После каждого большого расследования они всегда проводили итоговое совещание. Чаще всего в кабинете полковника Лим, а изредка в кафе, где сидели за обедом или за ужином. Поднимали рюмочку, анализировали ход ведения расследования, пытались найти ошибки, чтобы в дальнейшем к ним не возвращаться. Обоим было ясно, что на этот раз все будет по-другому. Слишком много они напортачили, так что у них не было никакой причины для праздника.

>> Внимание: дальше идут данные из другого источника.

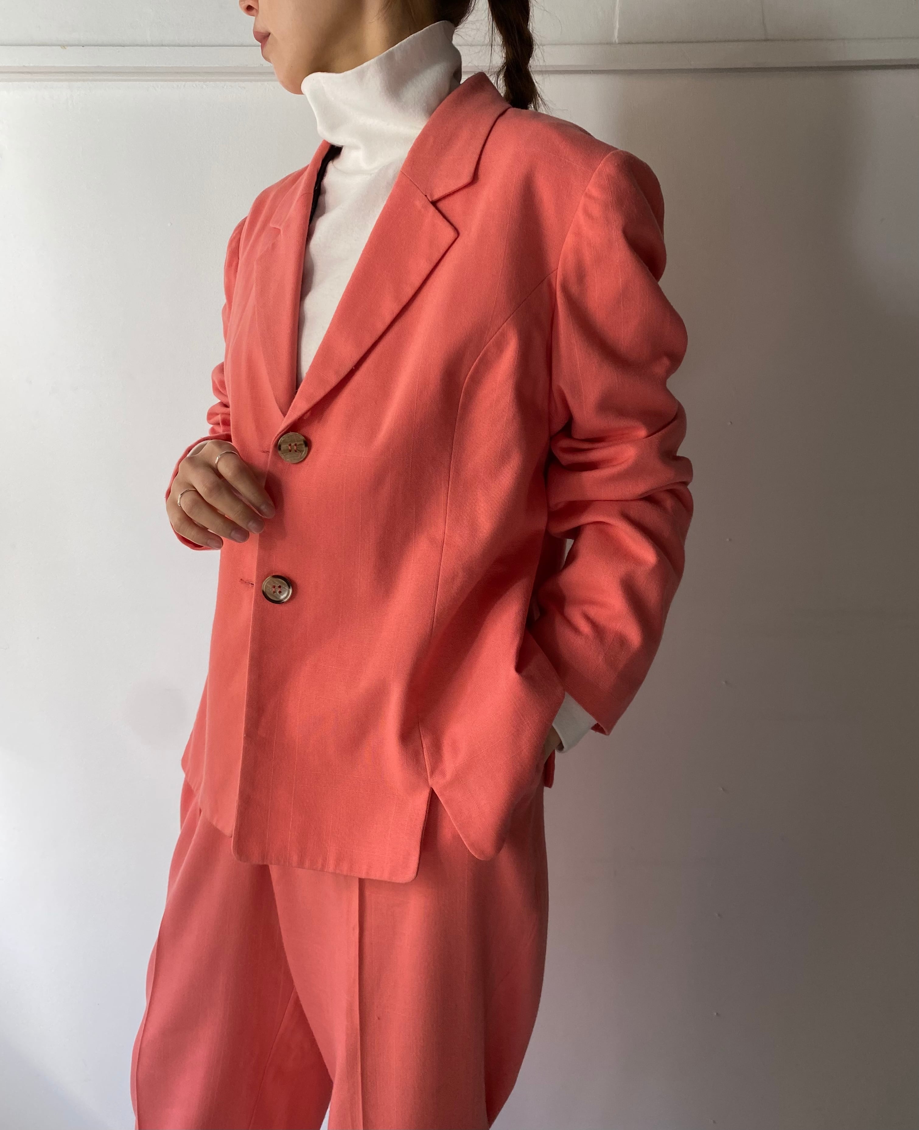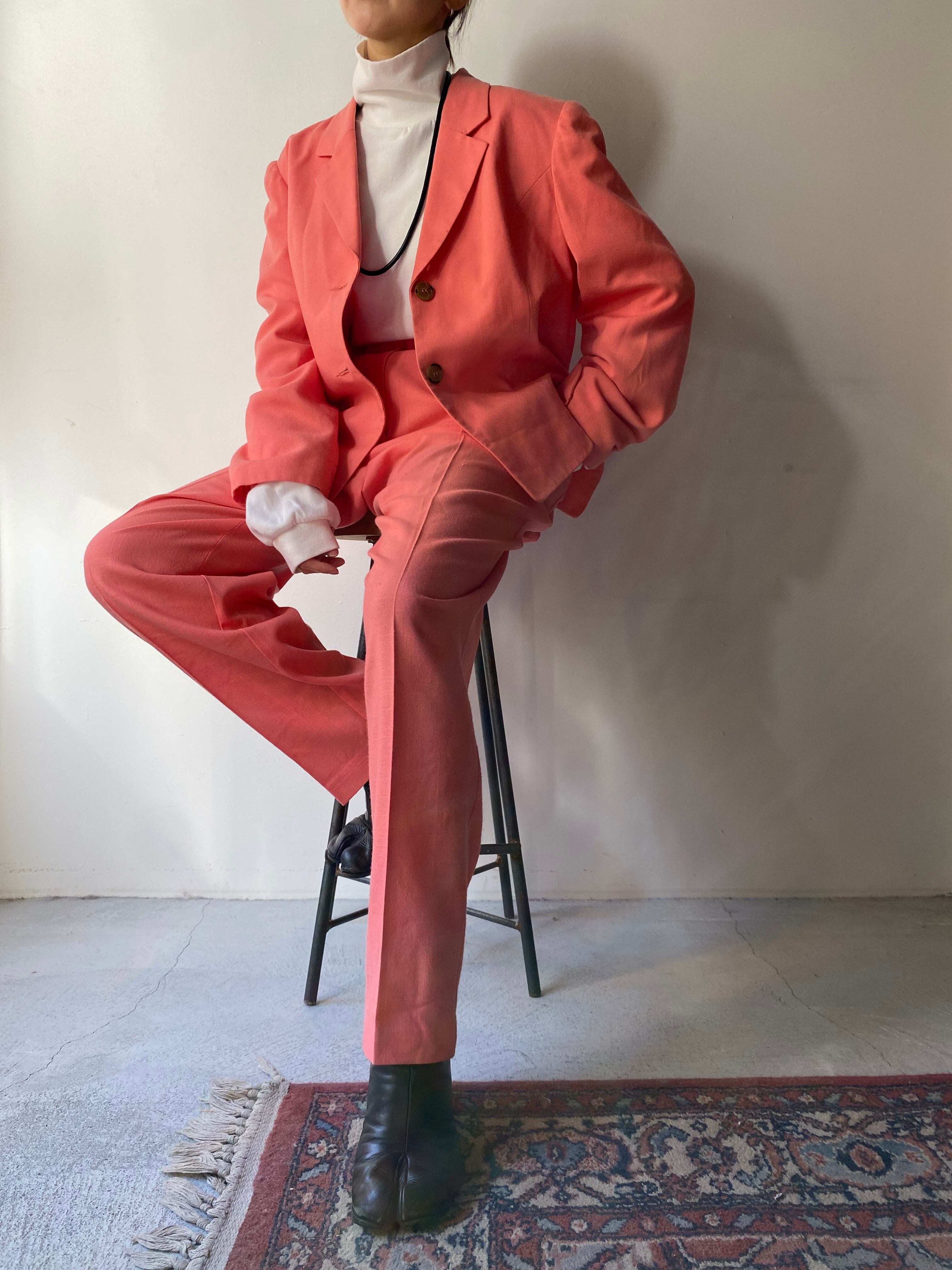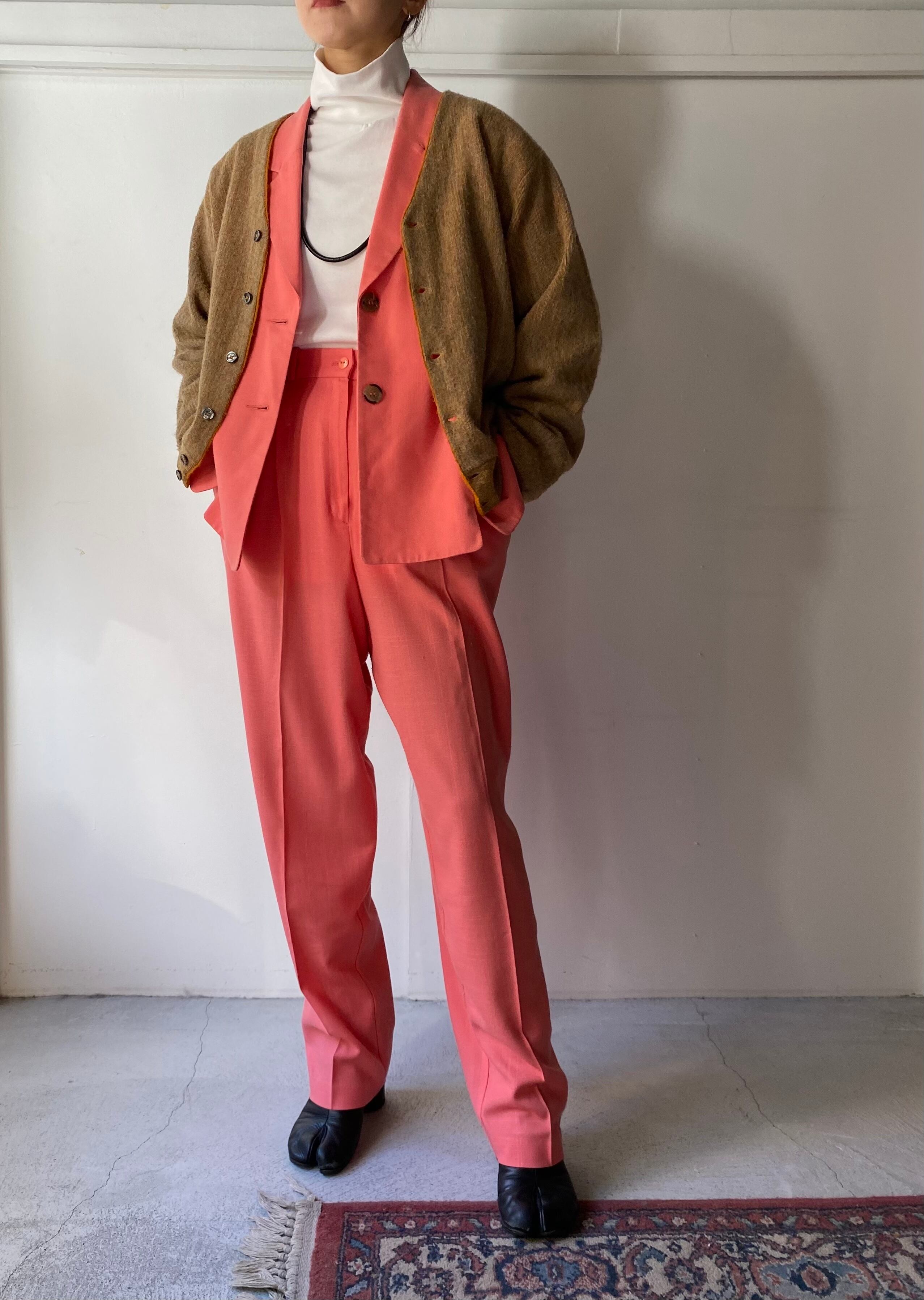 ・上品で落ち着いたカラーリングのピンクが上品なセットアップスーツ。

Почему Аврааму показалось, что их отношения уже не вернутся к тем, что были до этого? Илана все время работала бок о бок с ним и, возможно, удержала его от многих серьезных ошибок, в которые он влип бы. Она также поддержала его решение не участвовать в экспертизах по реконструкции событий. Инспектору не хотелось возвращаться в ту квартиру. Что-то внутри не давало ему открыть дверь в комнату Данит, которую Хана закрыла перед ним. Шрапштейн привез Рафаэля Шараби в дом на улице Гистадрут, привез в четверг ночью, чтобы рядом было как можно меньше любопытных глаз, и глядел, как он грохает Маалюля, исполняющего роль Офера, об одну из стен. Из-за того, что прошло много времени, следов борьбы или каких-то других примет жестокой разборки, происходившей в комнате, уже не осталось. Рафаэль сначала шибанул Маалюля о выкрашенную в розовое стену, часть которой была занята этажеркой с игрушками, а потом швырнул его в другую стену, выкрашенную в белый цвет. Когда Илана описала эту реконструкцию, Авраам Авраам вдруг вспомнил показания жены Зеева Авни, данные в первый день расследования. Они сидели у Авни на кухне, и у нее на руках был малыш. Ей припомнились ссора или разборка, которые слышались из квартиры над ними, и она была почти уверена, что это было во вторник вечером. Инспектор не забыл про эти ее слова, он пытался найти им подтверждение в показаниях других соседей, однако не сумел. Но ведь все было черным по белому!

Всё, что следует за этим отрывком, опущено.